The 52-year-old, wearing an orange jacket and sporting a curated beard,
rejects the label “fashion florist” that some have thrown his way because of
his work for couture houses such as Lanvin, Hermes and Dries Van Noten.

“I’m not at all interested in fashion, actually,” he laughed.

What he prefers is “people who sweep me away in their passion; sometimes
maybe it’s not to my taste but I have fun trying to understand what’s going
on in their mind.”

He has teamed up several times with big-name fashion photographer Mario
Testino, notably for a 2012 Vogue magazine cover of Lady Gaga for which he
improvised an arch made of flowers and plants.

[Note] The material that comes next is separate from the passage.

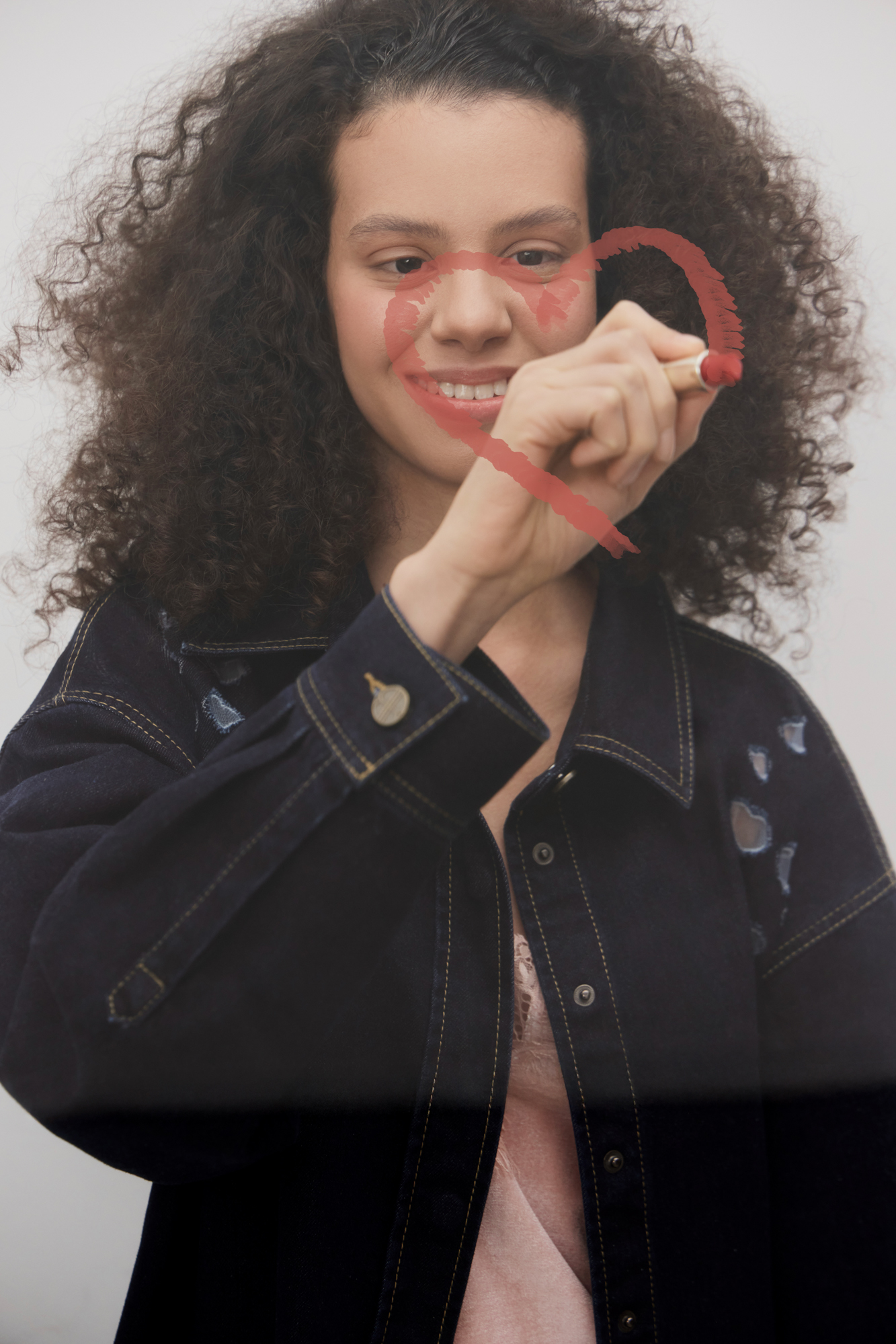 Джинсовая рубашка из 100% хлопка. Модель свободного кроя с длинными рукавами, классическим отложным воротником и застежкой на магнитные кнопки. Изделие декорировано брендированной пуговицой под воротником и на манжетах, высоким фактурным разрезом, контрастной строчкой и перфорацией в виде россыпи сердечек.

While waiting for normal activity to return, he is currently working on a
film idea by an Italian director looking to tell the story of an eccentric
who would like to build a palace made entirely of vegetation.

– Garden ‘refuge’ –

Boutemy’s own floral artistry grew from a start learning horticulture as a
17-year-old. He quickly took to “fragile flowers”.

He now cultivates his own garden, which he regards as a “refuge” to escape
the world.

In his shop there is a small corner given over to medicinal plants —
eucalyptus and heather bloom — that he had brought in recently for an
arrangement for a sick bride-to-be who ended up cancelling her wedding
because of Covid.

Events make up the mainstay of Boutemy’s business, but the successive
lockdowns and restrictions Europe has seen under the pandemic “have thrown us
back 25 years”.

“It’s like having to start all over again, to do things simply,” he said,
before adding: “That’s not so bad in itself.”

The sudden rise in people having to spend much more time at home has meant
“a lot of people want to have flowers, as flowers give life to a home,” he
said.

“In the end, that has given me a lot of happiness.”